# BRIEF
Going down the data below, set down exactly the line with "नेप्से झिनो अंकले" and each line after it through the line with "Postawiliśmy na naturalne, ciepłe"; no other lines.

# DATA FOR PROCESSING
============

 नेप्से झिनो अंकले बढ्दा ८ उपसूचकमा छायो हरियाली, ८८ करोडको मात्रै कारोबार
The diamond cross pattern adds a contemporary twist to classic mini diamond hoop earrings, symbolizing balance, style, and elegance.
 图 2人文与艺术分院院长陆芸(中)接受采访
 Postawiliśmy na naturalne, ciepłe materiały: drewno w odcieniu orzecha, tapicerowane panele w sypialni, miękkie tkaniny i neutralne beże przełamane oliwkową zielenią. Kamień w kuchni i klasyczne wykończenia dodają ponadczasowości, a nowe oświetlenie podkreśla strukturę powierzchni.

============

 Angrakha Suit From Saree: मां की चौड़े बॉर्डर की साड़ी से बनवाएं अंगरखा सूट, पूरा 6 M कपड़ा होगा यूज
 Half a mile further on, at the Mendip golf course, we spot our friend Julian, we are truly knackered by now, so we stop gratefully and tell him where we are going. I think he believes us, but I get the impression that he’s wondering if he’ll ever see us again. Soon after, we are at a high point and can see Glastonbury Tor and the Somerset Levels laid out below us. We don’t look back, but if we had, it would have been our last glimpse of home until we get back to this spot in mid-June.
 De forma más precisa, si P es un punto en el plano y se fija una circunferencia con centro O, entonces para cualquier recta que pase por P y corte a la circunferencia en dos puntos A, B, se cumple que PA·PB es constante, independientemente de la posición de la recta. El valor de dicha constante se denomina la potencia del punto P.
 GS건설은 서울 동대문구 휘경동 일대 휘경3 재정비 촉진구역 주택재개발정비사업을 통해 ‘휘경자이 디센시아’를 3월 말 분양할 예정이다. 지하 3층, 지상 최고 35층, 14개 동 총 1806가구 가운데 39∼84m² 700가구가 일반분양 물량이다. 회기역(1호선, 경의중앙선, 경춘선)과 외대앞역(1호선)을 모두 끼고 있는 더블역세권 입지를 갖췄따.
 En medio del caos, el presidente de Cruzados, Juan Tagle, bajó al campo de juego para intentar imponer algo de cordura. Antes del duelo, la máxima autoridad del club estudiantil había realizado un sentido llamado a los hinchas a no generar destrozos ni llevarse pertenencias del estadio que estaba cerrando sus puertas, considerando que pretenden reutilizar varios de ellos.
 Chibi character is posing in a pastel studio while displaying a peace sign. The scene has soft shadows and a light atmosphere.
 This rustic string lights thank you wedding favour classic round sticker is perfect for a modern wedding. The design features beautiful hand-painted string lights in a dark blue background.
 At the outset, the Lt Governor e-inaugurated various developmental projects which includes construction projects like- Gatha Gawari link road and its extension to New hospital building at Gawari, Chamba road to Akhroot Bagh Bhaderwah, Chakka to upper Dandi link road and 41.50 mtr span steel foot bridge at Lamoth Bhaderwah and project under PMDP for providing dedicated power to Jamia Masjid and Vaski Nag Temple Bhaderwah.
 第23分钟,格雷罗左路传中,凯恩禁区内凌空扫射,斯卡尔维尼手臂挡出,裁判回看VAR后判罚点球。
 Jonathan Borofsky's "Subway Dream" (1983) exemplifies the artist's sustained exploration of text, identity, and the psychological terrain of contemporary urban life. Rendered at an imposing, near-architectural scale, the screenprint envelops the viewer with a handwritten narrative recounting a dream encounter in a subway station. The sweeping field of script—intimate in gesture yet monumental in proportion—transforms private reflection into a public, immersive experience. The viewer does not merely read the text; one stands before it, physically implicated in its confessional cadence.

============

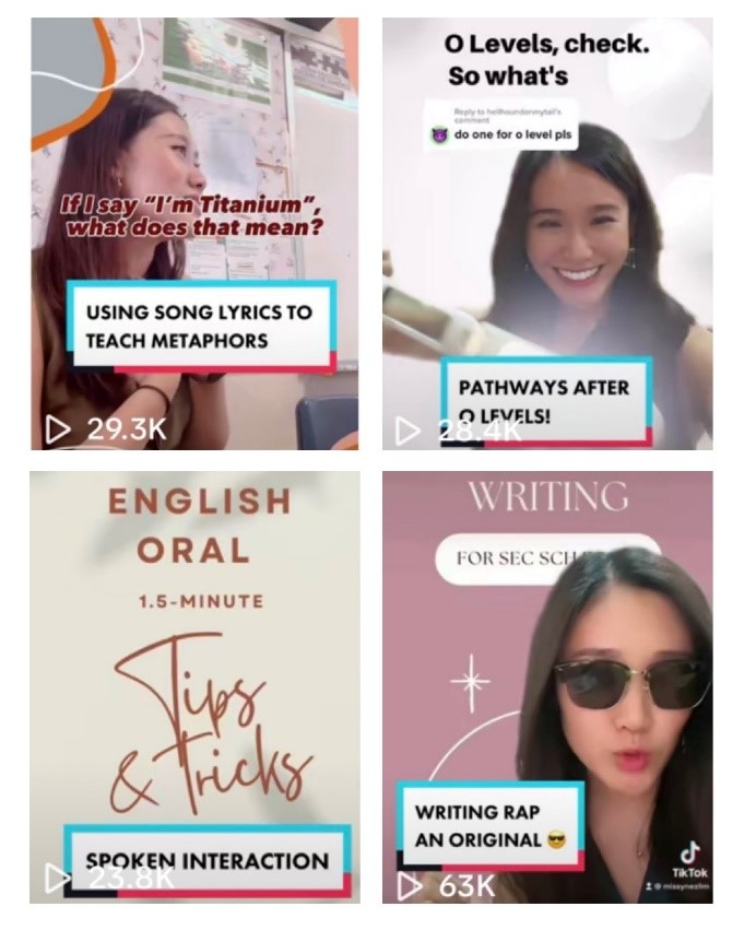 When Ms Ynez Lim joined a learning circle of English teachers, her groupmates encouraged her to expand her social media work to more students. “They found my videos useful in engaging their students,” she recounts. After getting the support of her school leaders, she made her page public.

============

# SOLUTION TO THIS TASK
 नेप्से झिनो अंकले बढ्दा ८ उपसूचकमा छायो हरियाली, ८८ करोडको मात्रै कारोबार
The diamond cross pattern adds a contemporary twist to classic mini diamond hoop earrings, symbolizing balance, style, and elegance.
 图 2人文与艺术分院院长陆芸(中)接受采访
 Postawiliśmy na naturalne, ciepłe materiały: drewno w odcieniu orzecha, tapicerowane panele w sypialni, miękkie tkaniny i neutralne beże przełamane oliwkową zielenią. Kamień w kuchni i klasyczne wykończenia dodają ponadczasowości, a nowe oświetlenie podkreśla strukturę powierzchni.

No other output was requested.